Laura Montoya (founder and managing partner of Accel Impact Organizations): Thank you. I’m really excited to be here.
David Homa (Digital Initiative director): Laura, thanks for joining us.
To start with, you work in an interesting space where you have expertise in the technical aspects of AI and ML, but also work in the social aspects around how people interact with it and how it affects society. I wonder, when was your first exposure to AI, and what was that about?
LM: You know, that’s a funny question. I feel like now that I better understand what AI is… I had exposure from a young age. And, being able to utilize the computer and really being able to even just play with little, like, robots and go to science museums — that’s something I did from [a] very young [age]. But, I didn’t have that conceptualization of what AI was. I didn’t understand its potential power and scalability and the impact that it could have on the world. But, I would say that the idea of a robot, or something that potentially you can interact with that would mimic a person or another entity — because I was really into animals when I was young — I think that it was something I was very drawn to as a child. And, it was something that I felt that I could really connect with — even my toys and the robots in general. So, I would say that as I grew into adulthood, I found that I drew from that experience as a child and my love of these — you could call them inanimate objects. But when you’re a kid, you breathe life into them through your imagination.
And, as time has gone on, (and obviously the technology has gotten better), now you have these robots that actually are very lifelike, right? One of my favorites, actually, sits on my desk. And, I can show him to you. It’s Cozmo. I’m sure you guys are familiar with him, from Anki. And, they have a new one out now, Vector. But this, I think to me personally, was one of the greatest innovations because of the way that they animated his face, right? And, it allows children really to connect with something that otherwise would just be a toy. And, the way that it breeds excitement, and in the way that it brings joy… And so, for me personally, that’s something that I have taken into my career now and my understanding of AI and how I want AI to really live in the world. I want it to be something that people can connect with, [that] they can appreciate, that can help them, that can solve problems. And, I think that that’s something that’s been missing in a lot of ways from the conversation around artificial intelligence so far.
CA: I would love to hear you talk about this notion of “Demystifying AI.” What is this program, and what you’re doing with it, and why it’s important?
LM: Oh, of course. So, the Demystifying AI Symposiums is a program that we started with Accel AI Institute, actually from the beginning, about six years ago. And, the goal was really to help people better understand what AI is and how to apply it in the real world. And, that was a time when all the hype around AI wasn’t really there yet. We didn’t have all of these free courses that are available now through Coursera and Udemy, and even better courses like through Udacity and so on. And so, there had been a winter in AI prior to that. We were at a place where people were just trying to figure it out and say, “Okay, well, what is this technology and how can I use it? And would it actually make my company better? Would it make my products better? And how can I basically ride this wave?” And so, for people like me and more of the underrepresented communities that we work with, I really saw this as an opportunity to help people get into the space. To provide education and ensure that, once a technology is applied, and marginalized populations will have to transition their work, that they would also have that opportunity to reskill and move into that new economy.

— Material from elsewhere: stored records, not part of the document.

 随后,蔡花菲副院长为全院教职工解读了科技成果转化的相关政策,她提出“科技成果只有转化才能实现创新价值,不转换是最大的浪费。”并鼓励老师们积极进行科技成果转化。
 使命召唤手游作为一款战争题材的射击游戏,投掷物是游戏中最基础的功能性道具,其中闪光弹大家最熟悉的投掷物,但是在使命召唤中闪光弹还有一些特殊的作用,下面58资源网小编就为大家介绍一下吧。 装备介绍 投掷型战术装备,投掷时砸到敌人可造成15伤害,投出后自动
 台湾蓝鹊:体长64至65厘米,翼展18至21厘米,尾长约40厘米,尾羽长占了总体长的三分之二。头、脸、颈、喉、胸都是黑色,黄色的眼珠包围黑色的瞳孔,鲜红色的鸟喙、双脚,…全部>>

The goal really of these symposiums is to ensure that people get that exposure. What we did is we actually hosted sessions, which were weekend long to begin with, and we would invite people from academia, from industry, basically experts in the field, to come in and really provide that exposure, and not necessarily from a theoretical vantage point, but really an applied vantage point. The goal was to get people with hands-on experience to really be able to use scientific packages like Python, and then apply that to the Anaconda packages, and then ensure that they could say, “Okay, if I have one specific project that I want to do, to achieve, how can I take that and actually make it happen using something like TensorFlow or PyTorch, and really utilize computer vision and natural language processing, and then make this a reality?” And so, that was the goal of these symposiums: to ensure that someone could have a very small idea, get exposure to people and a hands-on application, and then take that and turn it into something like a portfolio project. And then hopefully, also, really increase their curiosity and their interest, and then they can continue to learn and grow on their own. So, from there, we would apply and give them different resources so they can continue to learn. We have obviously a full GitHub repository with actually thousands of free resources that are available, especially now in this area of AI and machine learning, which is what we would impart on all of our attendees after they would work with us. So, that was really the goal of our Demystifying AI Symposiums.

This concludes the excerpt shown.